Due to the pollution of industrial effluents with toxic metals, often in ionic forms, and their spreading to the environment, much work is currently underway to develop the most efficient methods of separation of heavy metals (e.g. mercury, cadmium, chromium or arsenic) from aqueous solutions.
Arsenic is known for its very high toxicity. Its removal by conventional methods, aimed largely at ions removal, is complicated by the predominant non-ionic nature of its more dangerous and mobile trivalent form. This difficulty can be minimized using photochemical techniques. The study focuses especially on the impact various solid modificators (e.g. aluminum oxide, zinc peroxide) coagulated during UV irradiation on the arsenic removal (1 mmol/L AsO2-). The UV irradiation of the systems with aluminum salts, formic anions (HCOONH4) as scavengers of •OH radicals and hydrogen peroxide proved to be very effective due to the high rate of arsenic removal after 15 minutes of irradiation: 93% using Al(NO3)3 and 99 % with AlCl3. In the case of AlCl3, the aluminum oxide precursor, the arsenic was removed also by adsorption on previously photolytically prepared precipitate. After several days, 98 % of As was dissolved out of the aqueous solution. A highly efficient system was a solution containing zinc nitrate, formate, and hydrogen peroxide from which zinc peroxide was precipitated due to UV irradiation. More than 98% of arsenic was then removed. A 92% degree of arsenic removal during photolysis was achieved in the system with nickel, formate and hydrogen peroxide.

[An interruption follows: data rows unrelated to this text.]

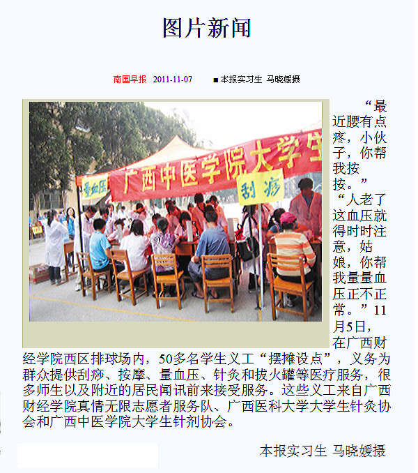 《南国早报》报道我院大学生义诊活动
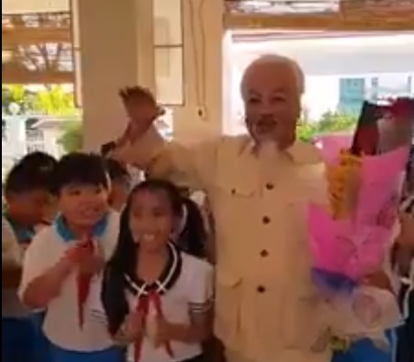 Bác Hồ mới xuất hiện tại Việt Nam.Bác Hồ đứng nhảy múa giữa các học sinh tiểu học trông vô cùng phản cảm và khôi hài. Nếu có sự tự do lựa chọn, có thầy cô giáo nào dạy học sinh bài hát ca tụng bác Hồ, tác giả biển máu Cải cách ruộng đất với hơn 200 ngàn người bị giết oan, đồng thời cũng là người chủ trương "đốt cả dãy Trường Sơn" để chiếm miền Nam?
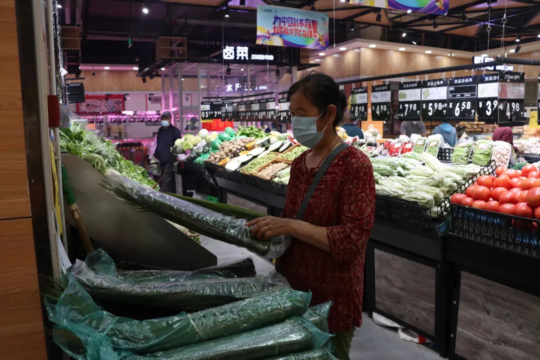 端午节临近,不少居民的购物车内添置了糯米、黄米、粽叶,疫情并未影响市民对节日的期待和祝愿。刚刚结完账的崔女士说:“超市的货品比较全、价格也合理,我们需要什么就过来买,很方便。”

Optimal conditions were sought also for the photochemical reduction of mercury(II) at a concentration 1 mmol/L. In the systems containing dissolved mercury acetate, perchlorate or chloride in the presence of scavengers of •OH radicals (methanol, ethanol, isopropanol activated by acetone, and ammonium formate) the reduction to monovalent or to metallic mercury in the form of a precipitate occurs. In the system containing mercury acetone and isopropanol activated by acetone mercury was reduced to metallic mercury, in the system with mercury chloride with isopropanol and acetone a mixture of metallic mercury and calomel was formed, while other studied scavengers did not have such strong reduction properties and reduced Hg2+ only to monovalent mercury. The time course of UV radiation along with changes in pH was also monitored. In most irradiated systems the pH value decreased. The highest degree of mercury removal was achieved in systems containing mercury (II) acetate or chloride, and isopropyl alcohol with acetone, where more than 98% of mercury was removed in the insoluble form.
In UV irradiated (medium-pressure mercury lamp with a maximum operating power of 400 W) solutions containing studied metals their concentration was determined by the AAS method.